45. Realization of the Value of the Body According to the Plan of the Creator
In his General Audience of 22 October 1980, the Holy Father clarified the meaning of lust, in his catechesis on Theology of the Body. Christ warned against lusting after a woman, not to condemn the body as evil (Manichaeism), but to condemn the devaluation of the body in its nuptial meaning, i.e., the manifestation of communion in spirit.

46. Power of Redeeming Completes Power of Creating
In his General Audience of 29 October 1980, the Holy Father continued his catechesis on "adultery in the heart" by examining the three forms of lust ("of the flesh," "of the eyes," and the "pride of life") spoken of by St. John (1 Jn 2:15-16), in relation to the skewed pictures of man presented by Freud, Marx and Nietzsche. The truth of his humanity, the ability to love, is deeper than the three lusts.

47. Eros and Ethos Meet and Bear Fruit in the Human Heart
In his General Audience of 5 November 2004, the Holy Father explained that the warning of Christ against looking lustfully at a woman is less an accusation than an appeal, that what the heart desires (eros) should also be what is right (ethos).

48. Spontaneity: The Mature Result of Conscience
In his General Audience of 12 November 1980, the Holy Father continued his catechesis on Theology of the Body by examining the notion that subjection of an erotic attraction to an ethical form deprives it of its spontaneity.

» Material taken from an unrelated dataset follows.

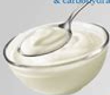
Fat-free Milk and Yogurt Calcium & vitamin D

49. Christ Calls Us to Rediscover the Living Forms of the New Man
In his General Audience of 3 December 1980, the Holy Father continued his catechesis on Theology of the Body, with regard to adultery in the heart, by focusing on the ethos of redemption, which calls for temperance in the natural erotic attraction between a man and a woman.

50. Purity of Heart
In his General Audience of 10 December 1980, the Holy Father completed his study of adultery in the heart with a consideration of purity of heart, and how the Lord distinguished this from mere ritual purity.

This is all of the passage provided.